Americans are a “positive” people—cheerful, optimistic, and upbeat: this is our reputation as well as our self-image. But more than a temperament, being positive, we are told, is the key to success and prosperity.

In this utterly original take on the American frame of mind, Barbara Ehrenreich traces the strange career of our sunny outlook from its origins as a marginal nineteenth-century healing technique to its enshrinement as a dominant, almost mandatory, cultural attitude. Evangelical mega-churches preach the good news that you only have to want something to get it, because God wants to “prosper” you. The medical profession prescribes positive thinking for its presumed health benefits. Academia has made room for new departments of “positive psychology” and the “science of happiness.” Nowhere, though, has bright-siding taken firmer root than within the business community, where, as Ehrenreich shows, the refusal even to consider negative outcomes—like mortgage defaults—contributed directly to the current economic crisis. 

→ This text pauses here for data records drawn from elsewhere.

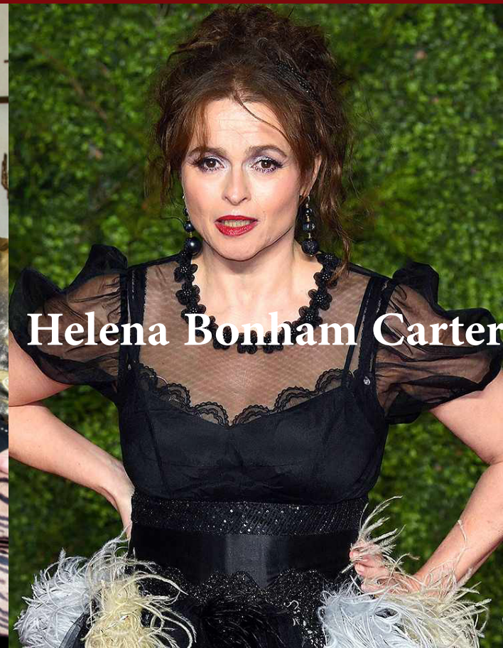
Helena Bonham Carter

Introducing the new faces of Carolina Herrera fragrance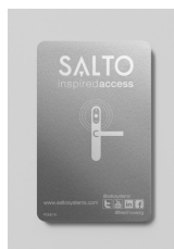
Key Card NXP MIFARE®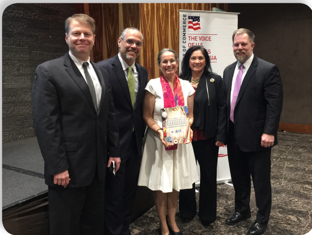
U.S. Chamber's Global Intellectual Property Center International IP Index Launch in Malaysia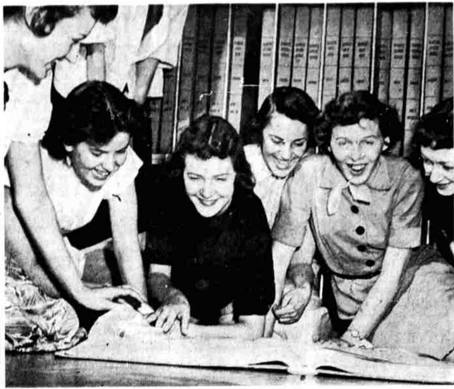
FILES OF NEWSPAPERS of 15 or 16 years ago were of particular interest to these girls of the Henley High junior class who visited the Herald and News plant this week. The girls thumbed through the old papers, trying to find their own birth notices.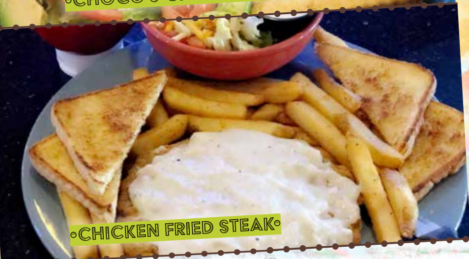
◦CHICKEN FRIED STEAK◦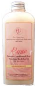
Shea Butter Hand & Body Lotion $12.95 - 6 oz With 20% Shea Butter

This texturally pleasing, greaseless Shea Butter based balm glides on in a super smooth, protective swathe, instantly softening dehydrated skin surfaces. Created to conquer unsightly age spots, stretch marks, and body wrinkles.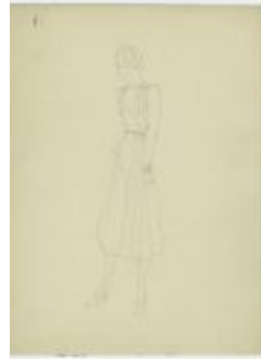
Long-Sleeved Dress with Pleats and Tucks (KA0067_000149)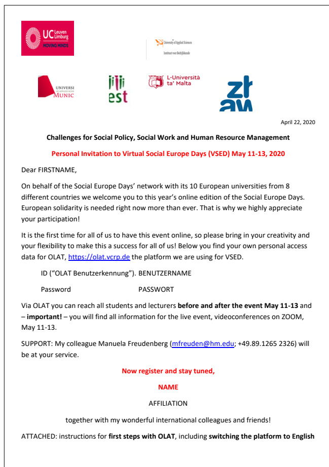
FIGURE 2. Personal Invitation Letter where FIRSTNAME was replaced by the first name of the respective participant, and that provided contact details of a support assistant.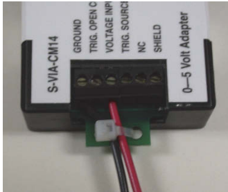
Cable Strain Relief

Use the included cable tie to provide strain relief to the cable (or individual wires), as shown below.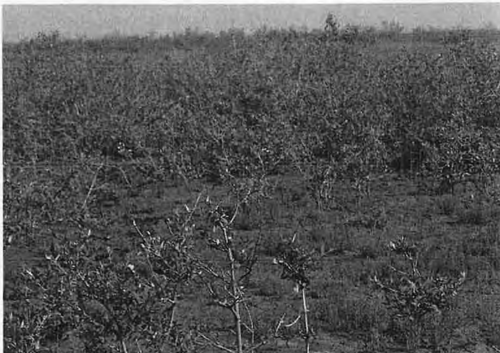
Mangroves planted in 200 ha. area at Bhavnagar Coast during 2013-14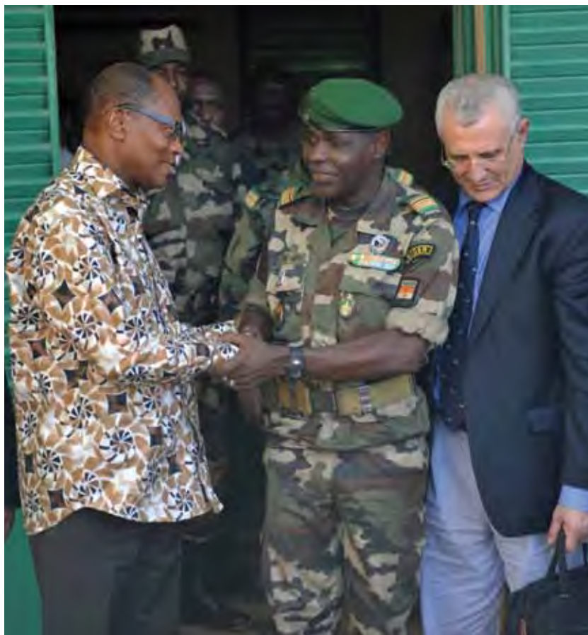
(L to R) Mohamed Ibn Chambas, then Head of the 15-nation regional economic bloc ECOWAS, Salou Djibo of Niger and UN Representative Said Djinnit after a meeting on February 21, 2010 at a military compound in Niamey.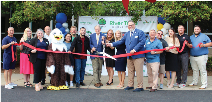
September 5, 2024 Euclid Elementary School Connections Field 711 E. Euclid Ave.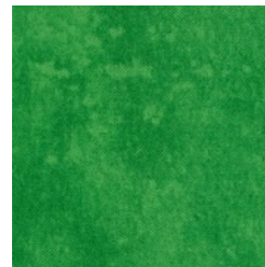
MEDIUM GRASS 14X14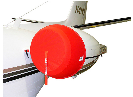
Citation Encore Intake Cover Set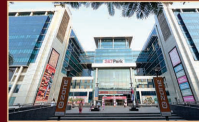
HOME TOWN in Vikroli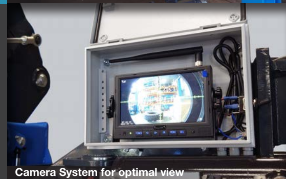
Camera System for optimal view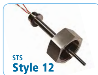
(items shown not necessarily to scale)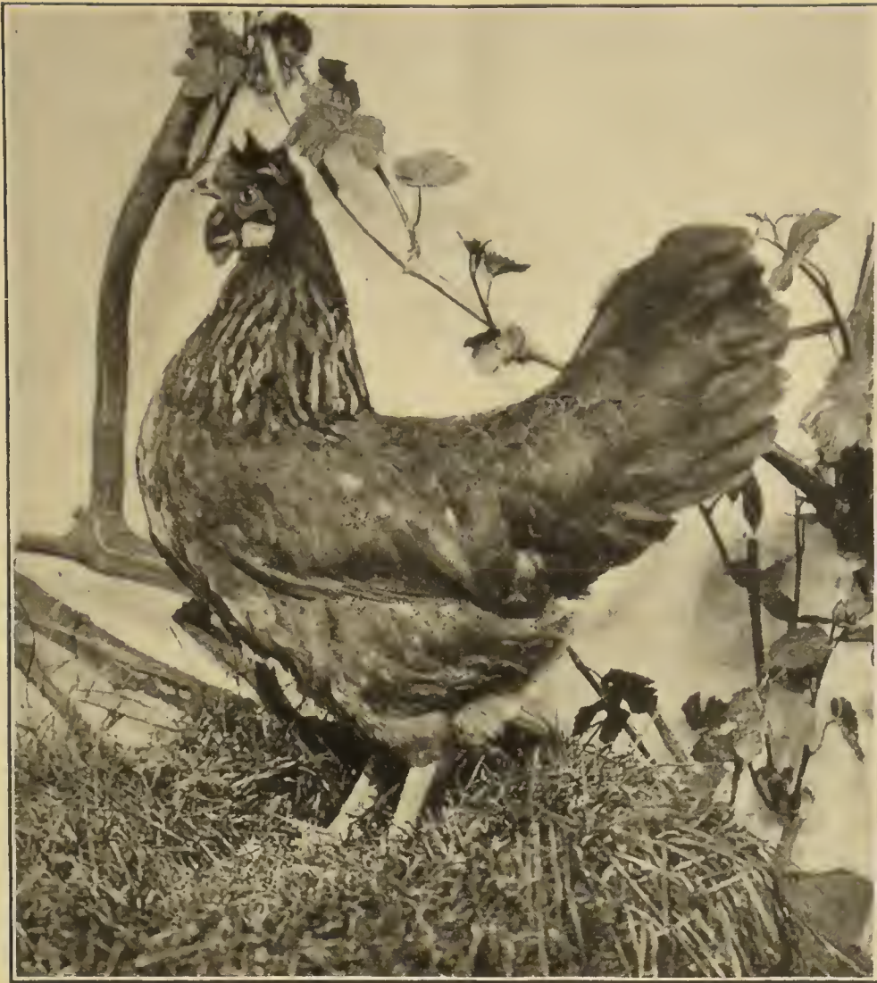
FIG. 3.—Single Comb Brown Leghorn, female.

large area and pick up a considerable amount of feed. Fowls of these breeds do not have the same tendency to become overfat as fowls of larger breeds, and though they respond to careful feeding they are not so quick to feel the bad effects of overfeeding. Because of their smaller size they do not eat as much as fowls of the larger breeds.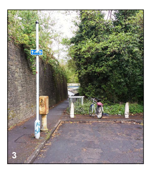
Link to footbridge from end of Prince of Wales Rd.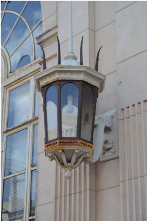
Aug 2017 Image ID 30378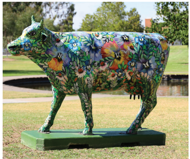
Shepparton cows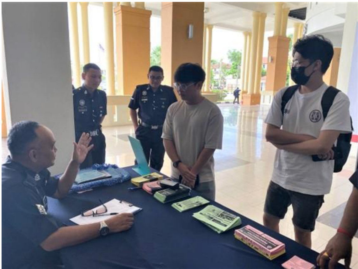
Volunteer Smartphone Patrol (VSP) promotion counter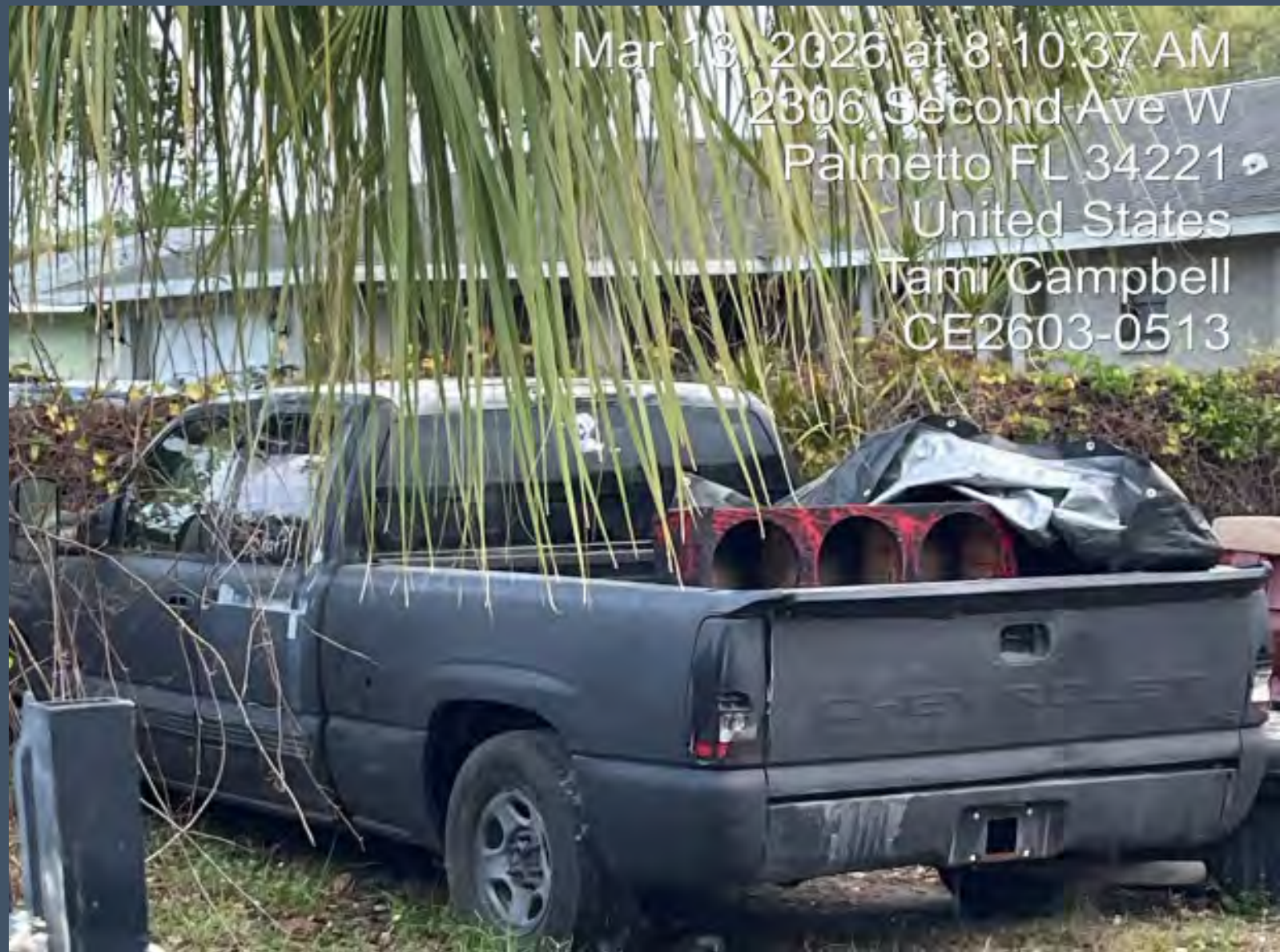
Black pickup with no tag

With the mythbusting powers for which she is acclaimed, Ehrenreich exposes the downside of Americas penchant for positive thinking: On a personal level, it leads to self-blame and a morbid preoccupation with stamping out “negative” thoughts. On a national level, its brought us an era of irrational optimism resulting in disaster. This is Ehrenreich at her provocative best—poking holes in conventional wisdom and faux science, and ending with a call for existential clarity and courage.